=== Problem requirements ===
Restate the listing below word for word, pictures excluded.

=== Dataset content ===
***
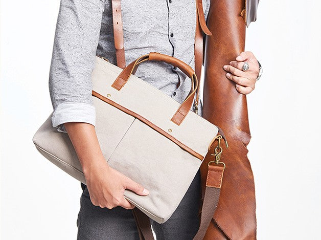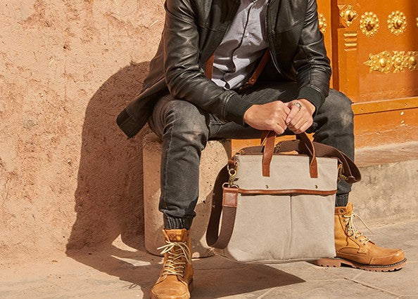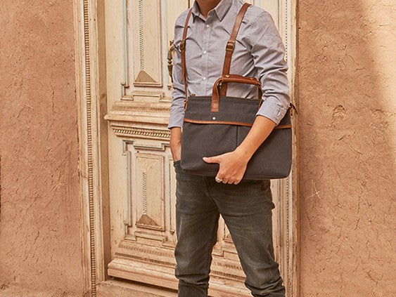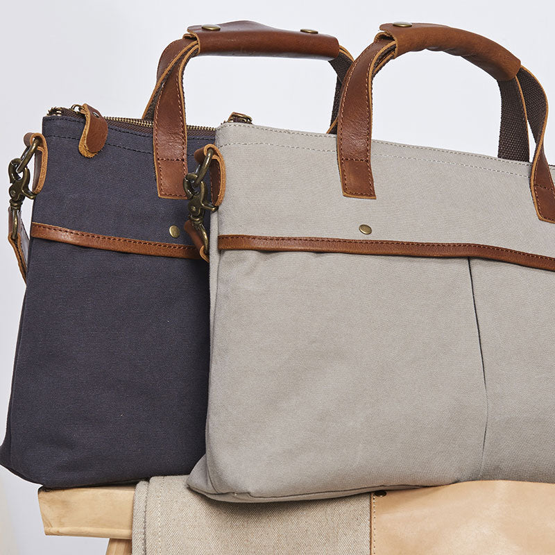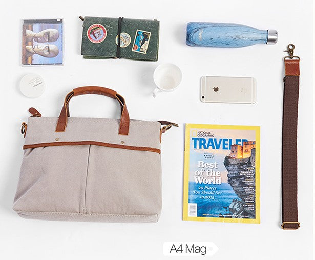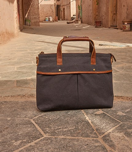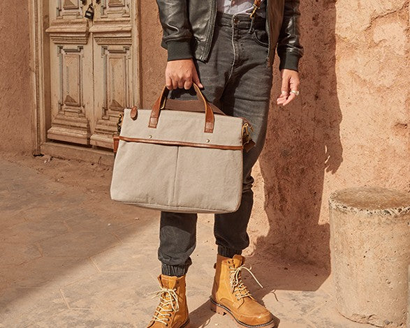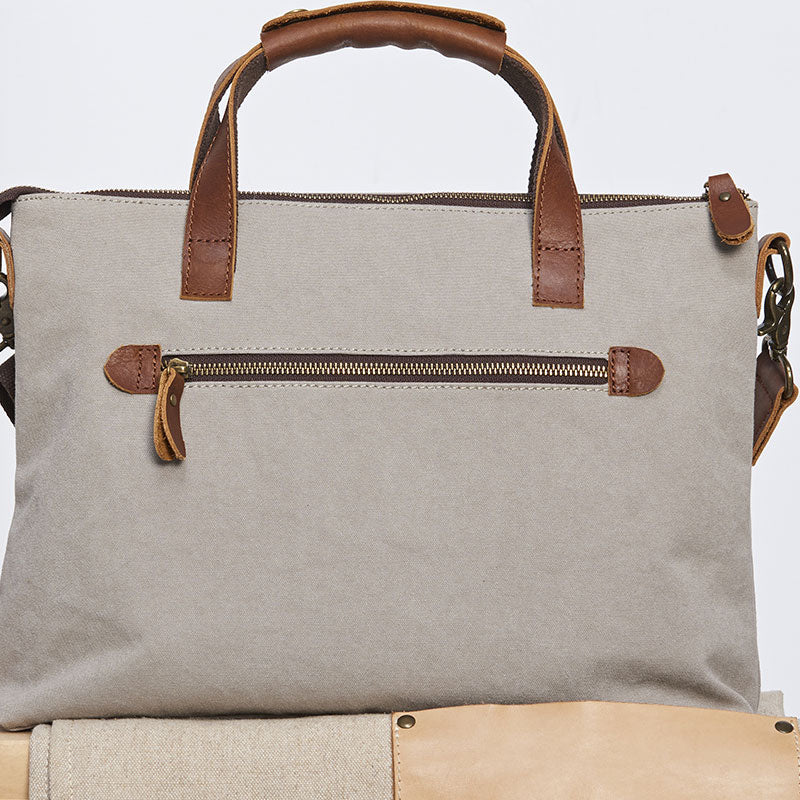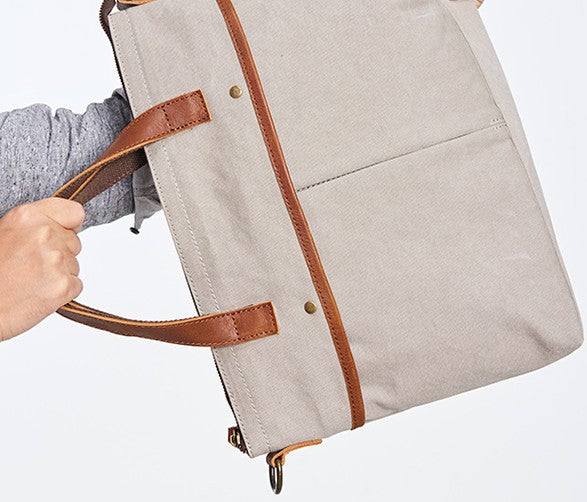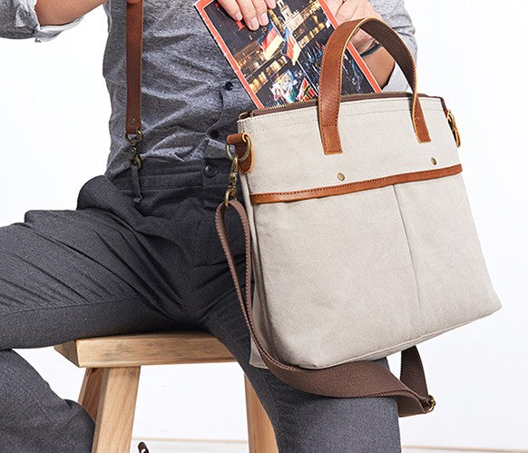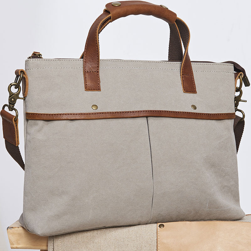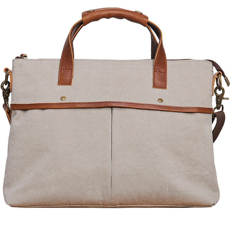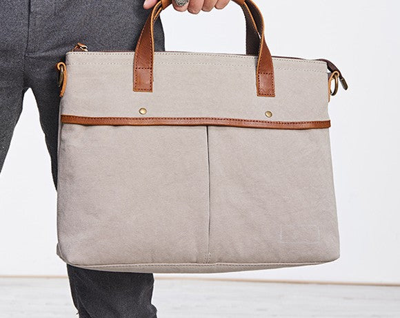 Design: Mens Gray Canvas 14inch Briefcase Handbag Work Bag Business Bag for Men
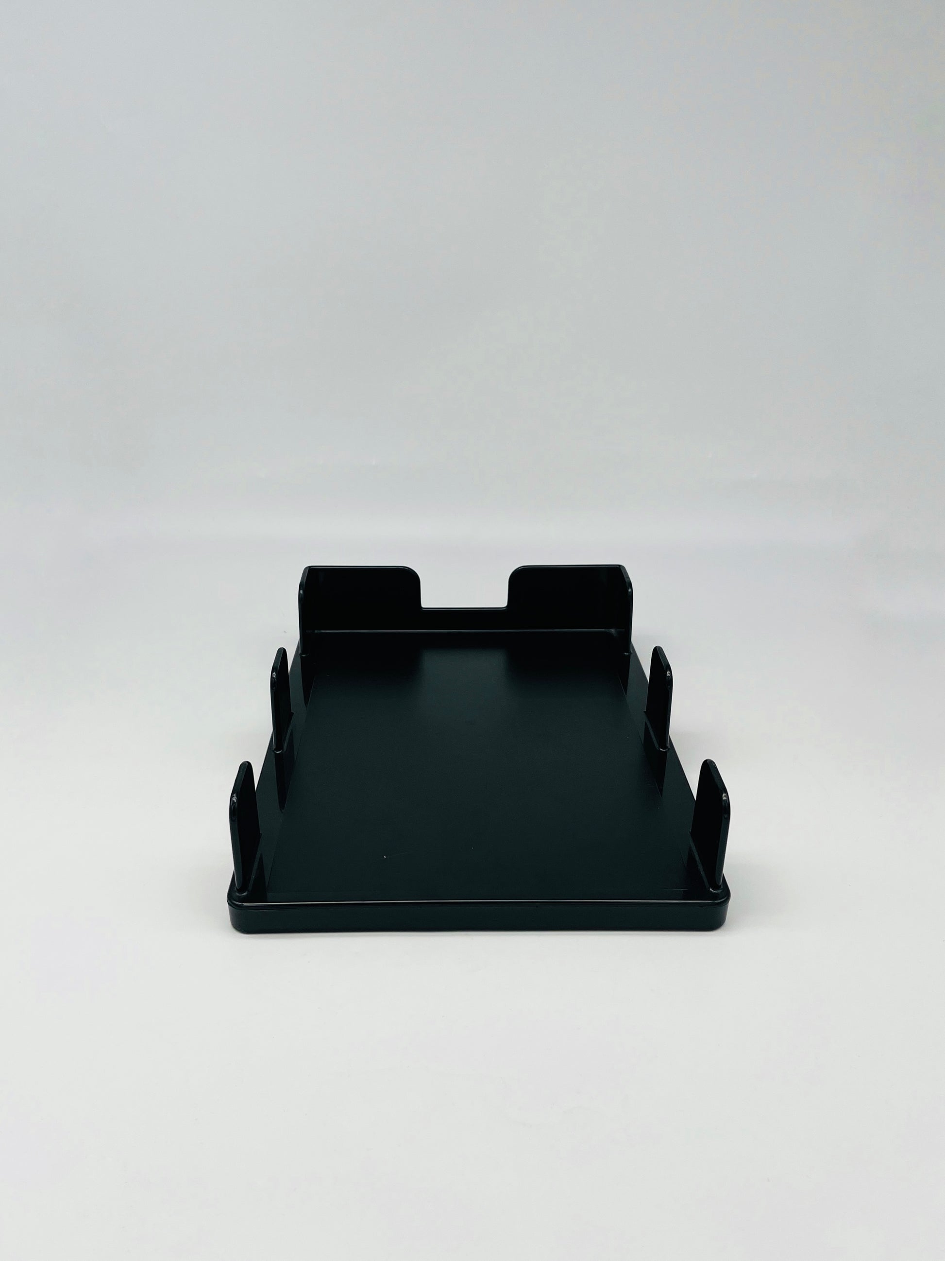 Élégant et fonctionnel, ce range-documents noir dessiné par Ettore Sottsass pour la ligne Olivetti Synthesis est une pièce emblématique du design de bureau italien des années 1970.
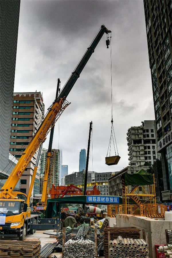 我們?cè)谧鳛楫?dāng)下施工主戰(zhàn)場(chǎng)的2號(hào)工點(diǎn)地面東邊施工現(xiàn)場(chǎng)看到,沒有明顯標(biāo)識(shí)卻能一眼分辨的“迷你”鋼筋加工場(chǎng)里,7、8名穿著“鋼筋工”馬甲的工人,或給鋼筋套絲,或彎制鋼筋構(gòu)件,或忙著調(diào)運(yùn)鋼筋捆……忙而不亂;在西邊,一臺(tái)抓斗機(jī)把土方從基坑里提出來(lái)放入旁邊的鐵鐵質(zhì)料斗箱里,一臺(tái)挖掘機(jī)又將箱里的土轉(zhuǎn)倒裝在運(yùn)土車?yán)?,土裝滿后鏟斗又將土壓實(shí)、將車幫上緣的土刮干凈,防止土在運(yùn)輸中掉落……
***
=== Output for this task ===
 Design: Mens Gray Canvas 14inch Briefcase Handbag Work Bag Business Bag for Men
 Élégant et fonctionnel, ce range-documents noir dessiné par Ettore Sottsass pour la ligne Olivetti Synthesis est une pièce emblématique du design de bureau italien des années 1970.
 我們?cè)谧鳛楫?dāng)下施工主戰(zhàn)場(chǎng)的2號(hào)工點(diǎn)地面東邊施工現(xiàn)場(chǎng)看到,沒有明顯標(biāo)識(shí)卻能一眼分辨的“迷你”鋼筋加工場(chǎng)里,7、8名穿著“鋼筋工”馬甲的工人,或給鋼筋套絲,或彎制鋼筋構(gòu)件,或忙著調(diào)運(yùn)鋼筋捆……忙而不亂;在西邊,一臺(tái)抓斗機(jī)把土方從基坑里提出來(lái)放入旁邊的鐵鐵質(zhì)料斗箱里,一臺(tái)挖掘機(jī)又將箱里的土轉(zhuǎn)倒裝在運(yùn)土車?yán)?,土裝滿后鏟斗又將土壓實(shí)、將車幫上緣的土刮干凈,防止土在運(yùn)輸中掉落……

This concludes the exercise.